Although attempts have been made to expand the meaning of “legally entitled to recover” when the municipal statutory damages cap is involved, plaintiffs have not been successful in recovering beyond the statutory cap in Alabama.
In State Farm Mutual Automobile Insurance Company v. Causey, 509 F. Supp. 2d 1026 (M.D. Ala. 2007), State Farm filed a declaratory judgment action seeking the court to declare that it had no obligation or duty to pay uninsured/underinsured motorist benefits to the defendants as a result of an accident with a municipal employee. The central issue presented was whether an insured can recover uninsured/underinsured motorist benefits from her own UM/UIM carrier when the alleged tortfeasor is a municipality and enjoys the benefit of a statutory cap on damages.
In Causey, the defendants were involved in an automobile accident with a street sweeper operated by a municipal employee. The defendants alleged the operator of the street sweeper negligently and wantonly caused the automobile accident which injured the defendants.

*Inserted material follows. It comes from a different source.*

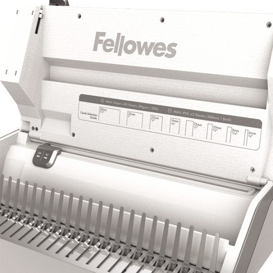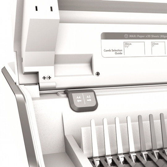 Děrovací kapacita až 20 listů 80 g papíru. Kapacita vazby až 300 listů, maximální průměr hřbetu 38 mm. Je vhodný pro intenzivní kancelářské použití. Vkládání děrovaných listů shora pro snadné setřesení a tím bezchybnou perforaci.

As a result of the accident, the municipality on behalf of itself and its employee paid its policy limits of $100,000 to the defendants.

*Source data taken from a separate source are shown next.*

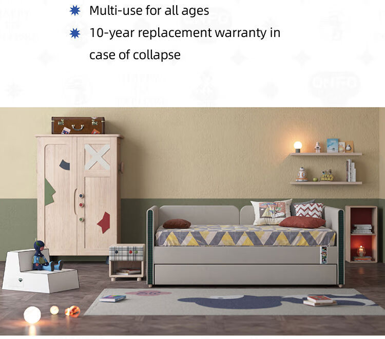 Yusenyi ONFO solid wood fabric children's bed pull-out bed children's drag bed Nordic style child bed pro version bed + drag bed guardrails removable - mattress not included Remarks color not included 1000mm*2000mm
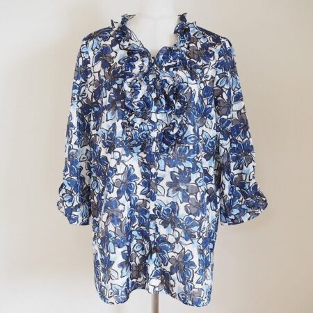当店リピーターのお客様よりレリアンのブラウスを買取しました。青、白、黒、花がおしゃれにミックスされています。長さも程よくあり、気品を出して着られそうです。
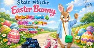 Come see the Easter Bunny! Saturday, April 4 10:30am-9:00pm $9.00 Admission $4.00 Skate Rental Appearances at 11:00am, 2:00pm, 4:00pm & 7:00pm!
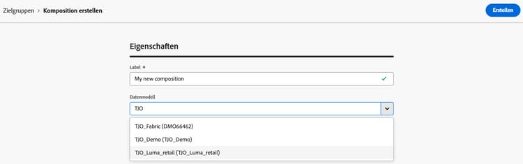 Geben im Abschnitt einen Titel für Ihre Komposition an und wählen Sie ein Datenmodell aus. In den Aktivitäten Ihrer Komposition sind nur die mit diesem Datenmodell verknüpften Schemata verfügbar.

State Farm argued it had no liability to the defendants for any judgment in excess of the $100,000 since the undisputed evidence showed that the tortfeasor was acting in the line and scope of his employment with the municipality at the time the accident occurred and the municipal damages cap found in Alabama Code §11-93-2 applied, as a matter of law, to municipal employees acting in the line and scope of their municipal employment.

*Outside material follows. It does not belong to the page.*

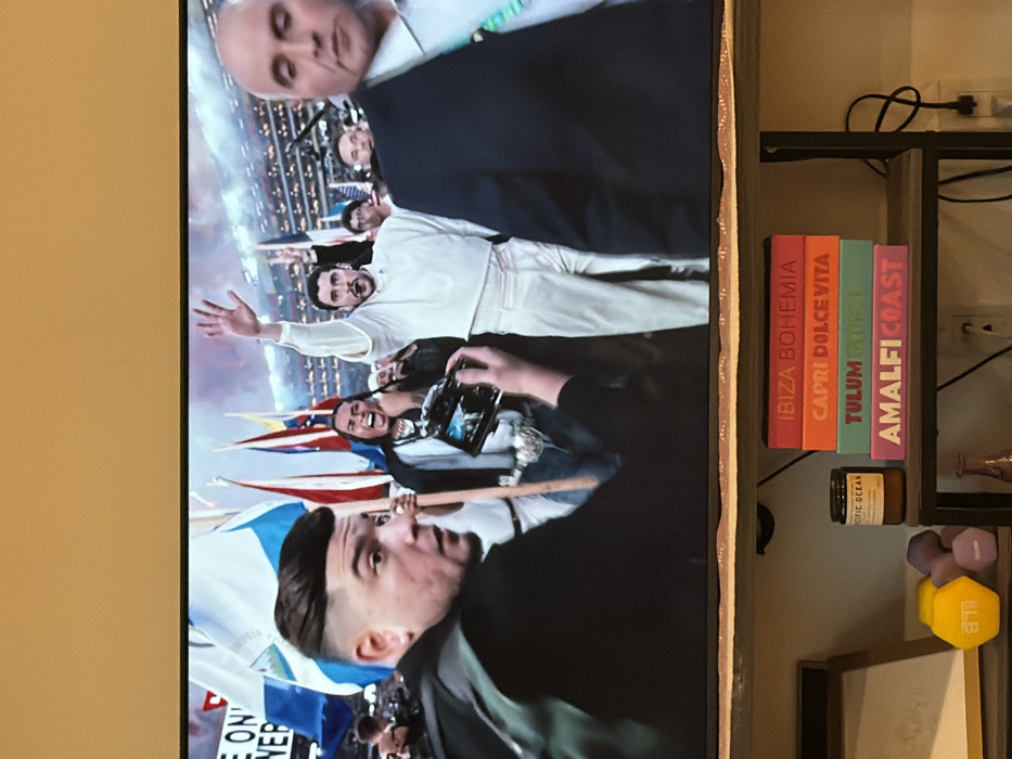 television screen displaying a crowd of people. Some individuals are holding flags and smiling. In the foreground, a man appears to be taking a photo. A bald man in a dark suit is also visible. To the right of the screen is a shelf containing books titled "IBIZA BOHEMIA," "CAPRI DOLCE VITA," "TULUM," and "AMALFI COAST." A candle labeled "PACIFIC OCEAN" and some dumbbells are also on the shelf. A power outlet is on the wall behind the shelf.

The municipal damages cap set forth above was held constitutional by the Alabama Supreme Court in Home Indemnity Co. v. Anders, 459 So.2d 836, 841 (Ala. 1984). In Causey, the Court held that the defendants had already received what they were “legally entitled to recover” as a result of the accident and affirmed the judgment in favor of State Farm.
The same issue was presented in the case of Kendall v. United Services Auto. Ass’n, 23 So.3d 119 (Ala. 2009), where the meaning of the phrase “legally entitled to recover” was discussed. The Alabama Supreme Court, in discussing its prior decision in Ex parte Carlton, 867 So. 2d 332 (Ala. 2003), held that “[t]oday we return to the point from which this Court never should have departed – the language of the statute. The language of the uninsured-motorist statute is plain and unambiguous.” Kendall at 1112. In Kendall, the Alabama Supreme Court agreed with the holding in Causey, refused to expand the meaning of “legally entitled to recover” and affirmed the lower court’s ruling that the insured was not legally entitled to recover damages from the county beyond the statutory cap she already received through settlement, and, thus, was not entitled to UIM benefits.
With the decisions of Causey and Kendall controlling, the statutory cap on recovery is preserved.